What is being asked: What you write should be an exact repeat of the lines from the one with "BuildResume is an" through the final line below, minus the pictures.

───── Data segment

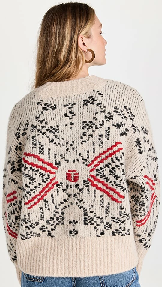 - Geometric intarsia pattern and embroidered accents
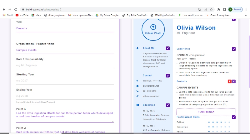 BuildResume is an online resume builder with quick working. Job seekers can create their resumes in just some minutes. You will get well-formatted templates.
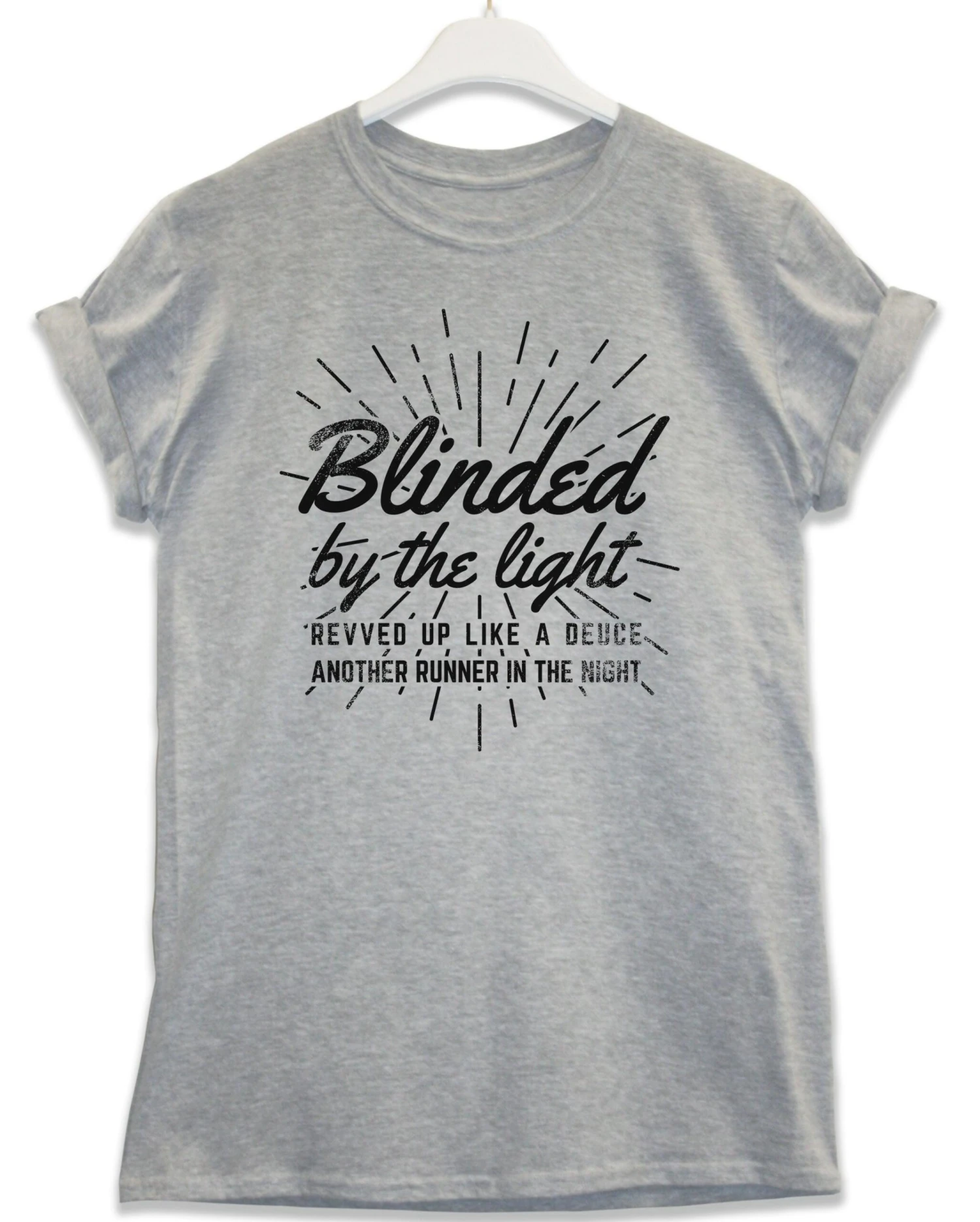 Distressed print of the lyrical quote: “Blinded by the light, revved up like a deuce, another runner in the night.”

──────────

Output below:
 BuildResume is an online resume builder with quick working. Job seekers can create their resumes in just some minutes. You will get well-formatted templates.
 Distressed print of the lyrical quote: “Blinded by the light, revved up like a deuce, another runner in the night.”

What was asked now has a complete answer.